Selected research projects

Obstructed swelling and fracture in hydrogels

Fracturing hydrogel Collaborators: Andrej Košmrlj, Sujit Datta, Caroline Adkins, and Jean-François Louf.
Understanding how expanding or growing bodies respond to the presence of obstacles is relevant to many fields, including medicine, morphogenesis, and agriculture. We used hydrogels, polymer networks that expand in water, to explore how stresses develop in this general scenario. As pictured, we identified a regime in which stresses due to obstacles cause swelling hydrogels to fracture, tearing themselves apart as they expand. See our preprint for more details, as well as the first half of this presentation.

Instabilities and phase transitions in Ising-like metamaterials

Zigzag pattern impurity buckling Collaborators: David Nelson, Paul Hanakata.
We studied a periodic array of dilations in a thin elastic sheet. Past a buckling transition, these dilations become bistable and behave like Ising spins. At finite temperature, we can observe critical phenomena and an anomalous thermal expansion. See our papers for details on the zero temperature (doi, arXiv) and finite temperature behavior of the model (doi, arXiv), and how curvature acts as an effective external field (doi, arXiv).

Competing species in a turbulent fluid

Two species competiting in a turbulent fluid Collaborators: Roberto Benzi, David Nelson, Federico Toschi, Giorgia Guccione, Mara Freilich, Amala Mahadevan, and Alexandra Worden.
In marine environments, phytoplankton may compete with one another while being advected by effectively compressible turbulent flows.
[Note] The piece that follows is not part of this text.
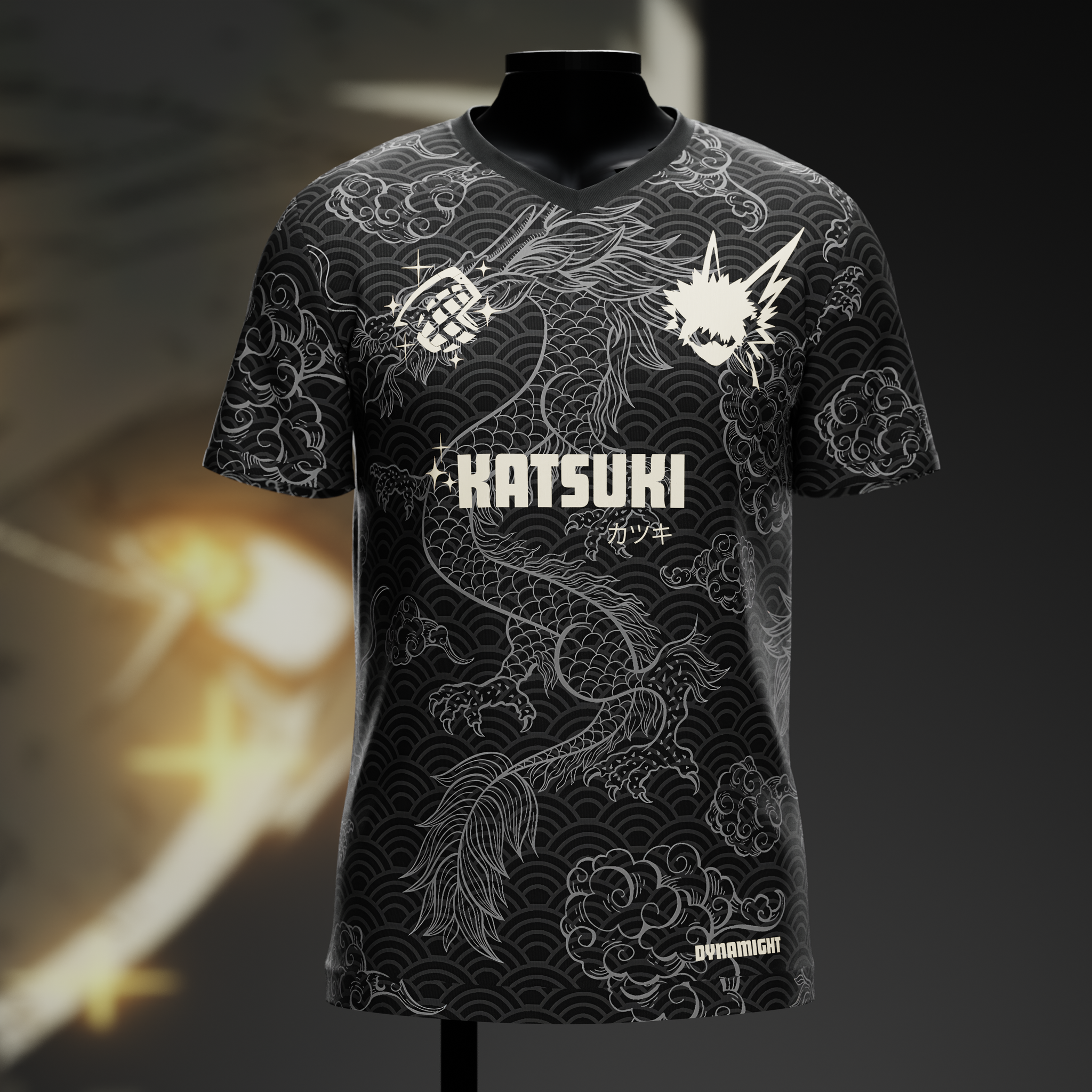 Un maillot noir et argent inspiré de Katsuki Bakugo, le héros explosif de My Hero Academia.

Working in one dimension, we found that even very weak divergence can affect fixation probabilities (doi, arXiv, video). We later replicated some of these results in simple two-dimensional flows (doi, arXiv). In recent work (doi, arXiv), we adapted these ideas to ecological time scales, and combined observations, simulations, and theory to understand the impact of effective compressibility in realistic oceanic scenarios.

Instability in a differentially rotating plasma

Vorticity timeline showing the joint instability Collaborators: Brad Marston, Steve Tobias.
A tachocline is a thin shear layer thought to play an important role in the magnetic activity of Sun-like stars. We studied an idealized two-dimensional model of the solar tachocline, focusing on a joint instability in which the model’s differential rotation is stable in the absence of a magnetic field but unstable in its presence. See our paper for details (doi, arXiv).